» TASK REQUIREMENTS: Copy, word for word, the lines of the listing below from the line with "Coveted Peloton condo." up to and including the line with "깨끗한 화이트 컬러로". Drop the pictures.

» RECORD SET:
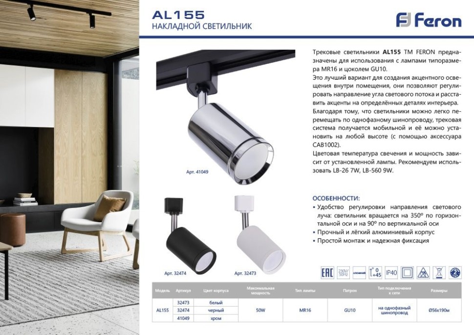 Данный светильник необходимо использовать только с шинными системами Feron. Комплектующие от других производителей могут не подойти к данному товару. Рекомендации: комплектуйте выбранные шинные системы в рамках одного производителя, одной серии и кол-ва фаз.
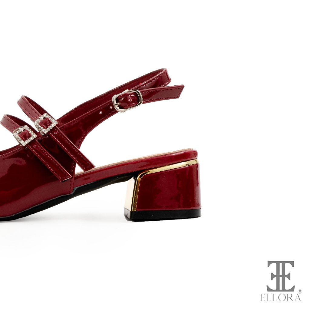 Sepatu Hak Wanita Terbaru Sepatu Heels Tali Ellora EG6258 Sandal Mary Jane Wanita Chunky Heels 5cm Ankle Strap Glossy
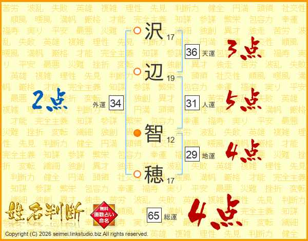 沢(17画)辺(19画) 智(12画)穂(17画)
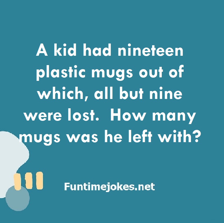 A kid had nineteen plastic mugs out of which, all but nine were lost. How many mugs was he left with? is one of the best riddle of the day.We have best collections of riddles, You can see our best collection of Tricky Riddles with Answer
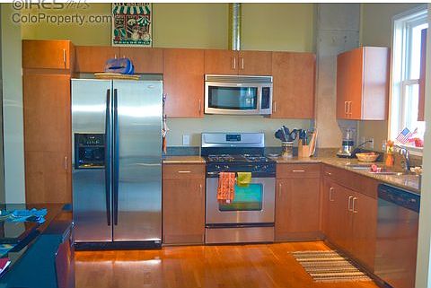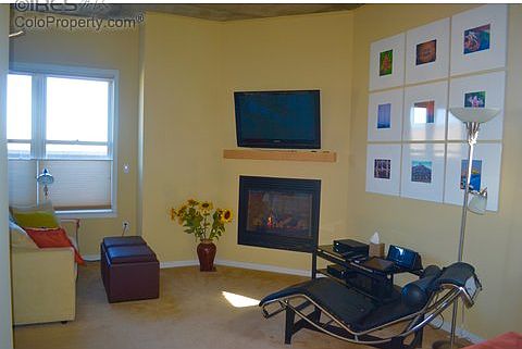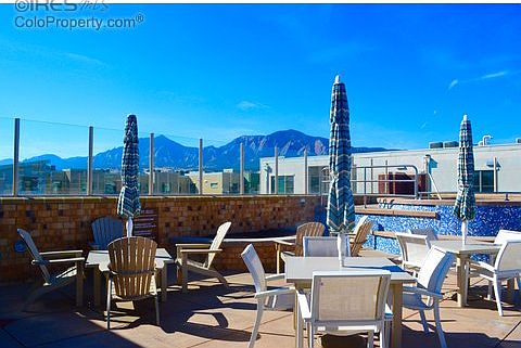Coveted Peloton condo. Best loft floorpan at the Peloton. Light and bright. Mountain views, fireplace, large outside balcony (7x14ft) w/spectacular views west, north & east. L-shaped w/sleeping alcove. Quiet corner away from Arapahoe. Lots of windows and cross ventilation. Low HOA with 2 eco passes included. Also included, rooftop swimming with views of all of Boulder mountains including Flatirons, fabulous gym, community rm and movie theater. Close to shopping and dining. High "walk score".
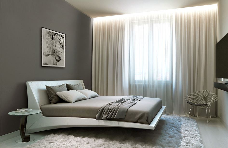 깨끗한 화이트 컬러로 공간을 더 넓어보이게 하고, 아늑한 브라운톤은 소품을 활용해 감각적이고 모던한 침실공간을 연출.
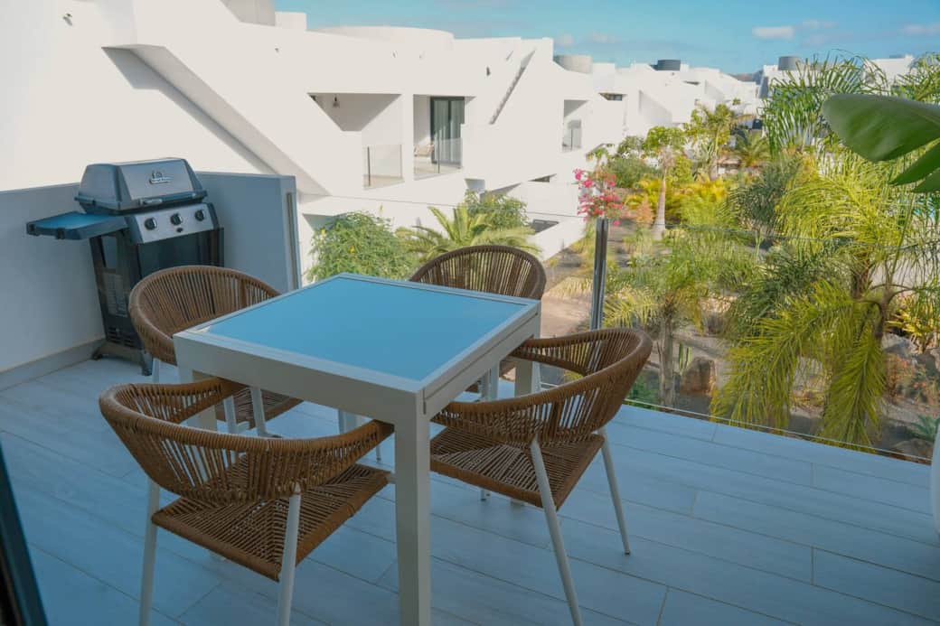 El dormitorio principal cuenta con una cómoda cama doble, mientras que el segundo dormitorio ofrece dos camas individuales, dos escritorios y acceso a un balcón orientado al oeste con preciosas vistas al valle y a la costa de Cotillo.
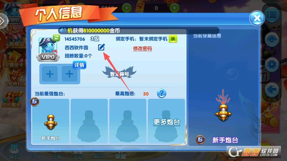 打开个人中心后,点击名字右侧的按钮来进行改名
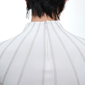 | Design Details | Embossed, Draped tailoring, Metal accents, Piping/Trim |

» YOUR RESPONSE:
Coveted Peloton condo. Best loft floorpan at the Peloton. Light and bright. Mountain views, fireplace, large outside balcony (7x14ft) w/spectacular views west, north & east. L-shaped w/sleeping alcove. Quiet corner away from Arapahoe. Lots of windows and cross ventilation. Low HOA with 2 eco passes included. Also included, rooftop swimming with views of all of Boulder mountains including Flatirons, fabulous gym, community rm and movie theater. Close to shopping and dining. High "walk score".
 깨끗한 화이트 컬러로 공간을 더 넓어보이게 하고, 아늑한 브라운톤은 소품을 활용해 감각적이고 모던한 침실공간을 연출.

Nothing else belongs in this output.